Kazakhstan tulips: comparative analysis of complete chloroplast genomes of four local and endangered species of the genus Tulipa L

Dilnur Tussipkan  1 Vladislav Shevtsov  2 Malika Ramazanova  1 Aizhan Rakhimzhanova  1 Alexandr Shevtsov  3 Shuga Manabayeva  1   4
Affiliations

Kazakhstan tulips: comparative analysis of complete chloroplast genomes of four local and endangered species of the genus Tulipa L

Dilnur Tussipkan et al. Front Plant Sci. .

Abstract

Species of Tulipa are important ornamental plants used for horticultural purposes in various countries, across Asia, Europe, and North Africa. The present study is the first report on typical features of the complete chloroplast genome sequence of four local and endangered species including T. alberti, T. kaufmanniana, T. greigii, and T. dubia from Kazakhstan using Illumina sequencing technology. The comparative analyses revealed that the complete genomes of four species were highly conserved in terms of total genome size (152. 006 bp - 152. 382 bp), including a pair of inverted repeat regions (26. 330 bp - 26. 371 bp), separated by a large single copy region (82.169 bp - 82,378 bp) and a small copy region (17.172 bp -17.260 bp). Total GC content (36.58-36.62 %), gene number (131), and intron length (540 bp - 2620 bp) of 28 genes. The complete genomes of four species showed nucleotide diversity (π =0,003257). The total number of SSR loci was 159 in T. alberti, 158 in T. kaufmanniana, 174 in T. greigii, and 163 in T. dubia.
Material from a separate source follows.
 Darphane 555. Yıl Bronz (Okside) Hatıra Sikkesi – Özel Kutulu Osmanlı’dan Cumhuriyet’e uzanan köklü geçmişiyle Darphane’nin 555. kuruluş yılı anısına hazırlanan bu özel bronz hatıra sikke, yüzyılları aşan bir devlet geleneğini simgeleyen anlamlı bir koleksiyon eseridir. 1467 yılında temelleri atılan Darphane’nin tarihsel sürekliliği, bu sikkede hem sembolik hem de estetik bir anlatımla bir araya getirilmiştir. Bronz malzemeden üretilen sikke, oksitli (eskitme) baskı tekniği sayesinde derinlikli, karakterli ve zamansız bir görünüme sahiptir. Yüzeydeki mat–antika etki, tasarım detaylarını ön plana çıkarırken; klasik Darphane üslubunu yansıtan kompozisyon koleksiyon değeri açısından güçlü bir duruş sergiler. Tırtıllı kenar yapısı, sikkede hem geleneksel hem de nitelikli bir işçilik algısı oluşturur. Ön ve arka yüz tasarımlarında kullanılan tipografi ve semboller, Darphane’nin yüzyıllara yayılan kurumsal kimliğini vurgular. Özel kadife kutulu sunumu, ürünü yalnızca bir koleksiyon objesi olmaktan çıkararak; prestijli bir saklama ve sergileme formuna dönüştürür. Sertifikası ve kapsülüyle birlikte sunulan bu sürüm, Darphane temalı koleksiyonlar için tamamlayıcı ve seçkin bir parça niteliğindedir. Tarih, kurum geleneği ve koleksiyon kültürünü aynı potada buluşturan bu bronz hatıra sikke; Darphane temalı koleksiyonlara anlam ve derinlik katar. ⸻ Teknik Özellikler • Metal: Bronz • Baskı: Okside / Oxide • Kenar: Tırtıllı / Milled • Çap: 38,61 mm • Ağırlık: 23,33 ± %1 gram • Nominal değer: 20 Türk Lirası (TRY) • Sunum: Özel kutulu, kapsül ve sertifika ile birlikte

The result indicated that ten CDS genes, namely rpoC2, cemA, rbcL, rpl36, psbH, rps3, rpl22, ndhF, ycf1, and matK, with effective polymorphic simple sequence repeats (SSRs), high sequence variability (SV) ranging from 2.581 to 6.102, and high nucleotide diversity (Pi) of these loci ranging from 0,004 to 0,010. For all intergenic regions longer than 150 bp, twenty one most variable regions were found with high sequence variability (SV) ranging from 4,848 to 11,862 and high nucleotide diversity (Pi) ranging from 0,01599 to 0,01839. Relative synonymous codon usage (RSCU) analysis was used to identify overrepresented and underrepresented codons for each amino acid. Based on the phylogenic analysis, the sequences clustered into four major groups, reflecting distinct evolutionary lineages corresponding to the subgenera Eriostemons, Tulipa, and Orithyia. Notably, T. greigii was distinctively grouped with species from Orithyia and Eriostemons rather than with other Tulipa species, suggesting a unique evolutionary history potentially shaped by geographical isolation or specific ecological pressures. The complete chloroplast genome of the four Tulipa species provides fundamental information for future research studies, even for designing the high number of available molecular markers.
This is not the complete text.